I'm sure you'll get yourself going again. The cycling will be helping a bit too.
Although I'm still averaging 70k a week, I'm struggling with routine at the moment. My puppy runs have reached the point, due to heat where I can't head out when I get home from work and then tag the puppy run on the end. So then I need to try and delay and no one likes sitting around in sweaty gear. I need to suck it up and get up to do the puppy runs in the morning I think.0 -
@taeliesyn that's when I do it. 4am. though my distances are at most 7mi on weekdays. I need a post run nap.
@ftrobbie i find those conditions wake me up. otherwise, i don't think i wake up till mile 20 -
I've really been bad about just defaulting to the gym lately for runs. (In my defense, it did rain for 117 straight hours here last week!) I am better about getting my shoulder PT done when I'm in the gym too because they have the proper equipment.
Yesterday, the sunshine called my name, so I left work early enough to get a good 10 mile bike ride done. Today I will run (probably at the gym. sigh)

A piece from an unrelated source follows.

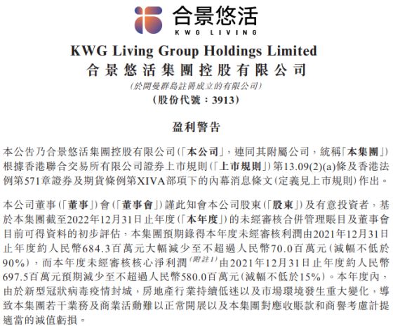 中国网财经3月29日讯 合景悠活昨日发布盈利预警称,公司2022年预期录得利润大幅减少至不超过7000万元,减幅较2021年的6.84亿元相比不低于90%,预期核心净利润不超过5.8亿元,减幅不低于15%。
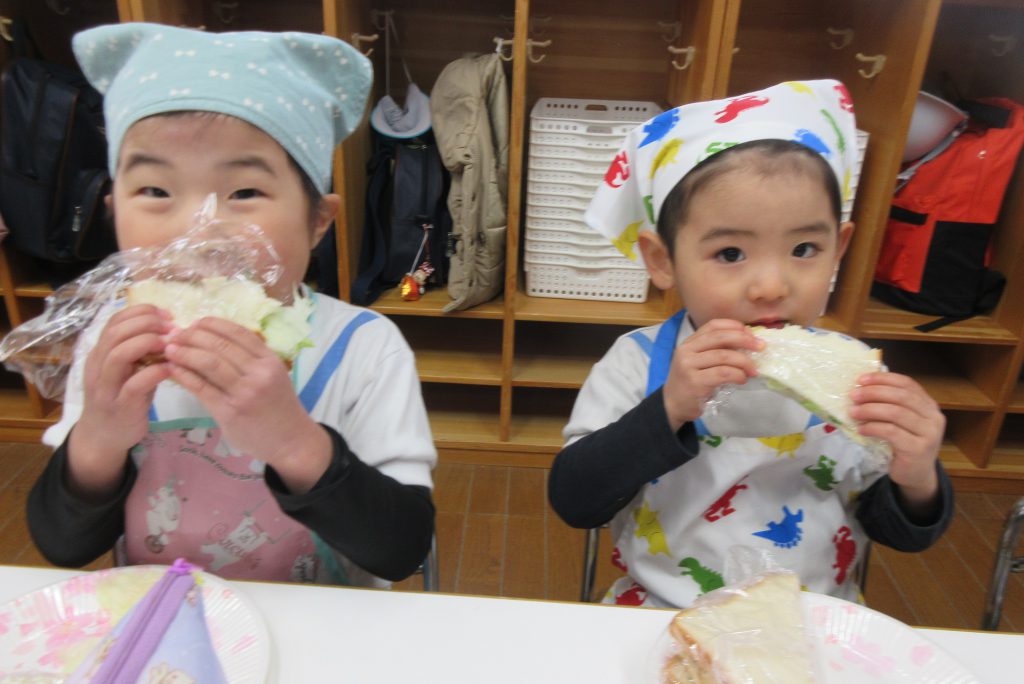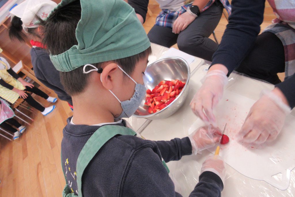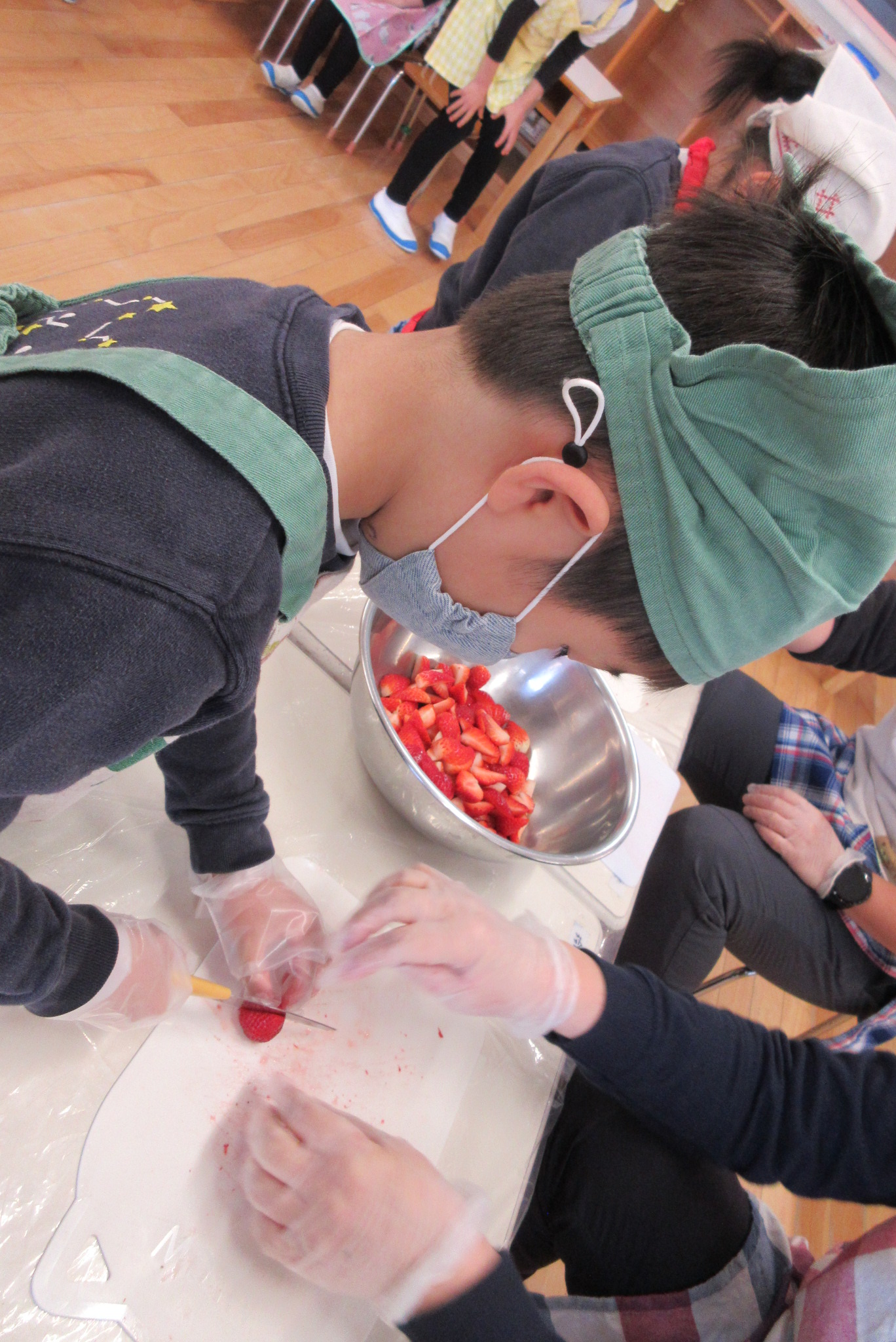 それぞれ学年に分かれて、食パン・バナナ・イチゴを切ってもらいました

I plan to start on a 16 week half marathon training plan next week (it will be 17 weeks until my half).0 -
@moyer566 Yeah 4:30ish would be my start. The dog only does a little short of 5k currently. I would still be doing my longer runs in the afternoon. I just have trouble getting to bed early enough, that I'm not trying to run and then operate the rest of the day on like 4 hours sleep.
@Just_Ceci It may be at the gym, but you're still running! Nothing wrong with the gym runs, if you're ok with them0 -
@taeliesyn I generally go to bed between 9 and 10. and then take a half hour nap after before getting back up
@Just_Ceci ugh shoulder pt. I sprained my shoulder in a fall in aerial hammock. took forever and still acts up during especially hard workouts0 -
@taeliesyn The ultra plan maxes out at 85km in a week. There are six other weeks over 75km so with some cycling in to stress the CV system without overtaxing the knees, I think it should be ok. You're heading towards the middle of summer, aghh those warmer long days, hope you find a solution to the puppy runs, a.m. might be the way
@Just_Ceci agree with tae, if you can stick the dreadmill or your hamster mill then it all counts. I tried the dreadmill on holiday, it didn't last long. Take those opportunities to get out in the sun.
@moyer566 seriously impressed you get out to do 7 mile runs midweek. I have tended to max out at 60mins including 5mins each warmup/ cool down. Longer runs have always been done at weekends. Last winter, cold wet runs were not a problem, but that was the motivation of my first HM in March. I am too task orientated to get things done without a goal. Hence the duathlons.
This morning tried talking myself of going out again, but forced myself out of the door and had another 4.5 mile easy paced run. I enjoy the feeling when I get home but really struggle with the love before I get out there. Must try harder to redevelop the habit.